Above you see a house in Los Angeles that Meryl Streep recently sold to Alex Rodriguez for $4.8 million. Here we are gazing out from the living room onto the patio. It's a beautiful home, no doubt. But—but!—what the hell is that pool?

Now, I am not Alex Rodriguez, certainly. Rodriguez, according to Baseball Reference, has earned over $356 million just by playing baseball. This doesn't count money he has made off endorsements or investments. It's safe to say that Alex Rodriguez is extremely rich. $4.8 million to him might as well be $480. But, still: if you're going to sell me a house for nearly $5 million it better have a pool that's grander than a koi pond.

What is the point of having a nice, expensive house (which you can see more of at Curbed) if your pool is basically a glorified foot bath? What a waste of $5 million. If I had $5 million to spend on a house, at the top of my list of features would be a large and luxurious pool. On this subject, I stand with Drake, a residential pool enthusiast:

"That's a water slide that comes from the top," he says. "I'm obsessed with, like, residential pools. One of my goals in life is to have the biggest residential pool on the planet."

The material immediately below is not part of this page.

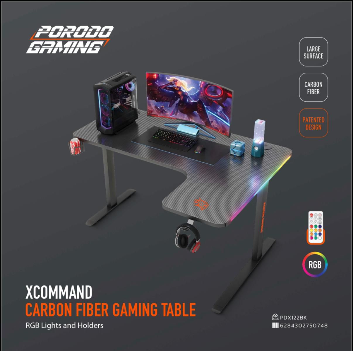 Porodo Gaming Xcommand Carbon Fiber Gaming Table in Oman – Pro RGB Battle Station Setup
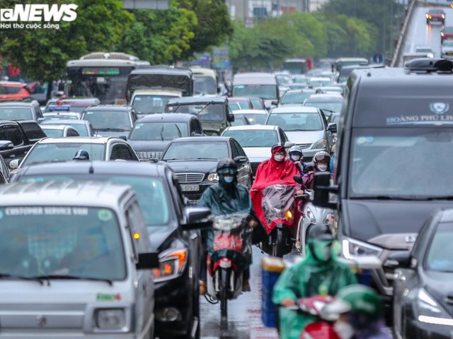 Ảnh: Dòng xe nhích từng chút dưới trời mưa rét ở Hà Nội sáng đầu tuần

Now there is a man who knows how to spend his riches. Alex Rodriguez on the other hand, well—Alex got played by Meryl Streep, let's just put it that way. I like to think that on a fine Sunday some time earlier this year Meryl Streep looked up from her couch, croissant crumbs slowly cascading away from her face like fluttering snowflakes, and gaped at her puny pool. "This absolutely will not do," she thought. "We must find ourselves a sucker."

That sucker was Alex Rodriguez. A sucker so pumped full of juice (steroids) that when he tries to dip into his pool it will be like a bison trying to wedge himself into a kitchen sink. What a waste.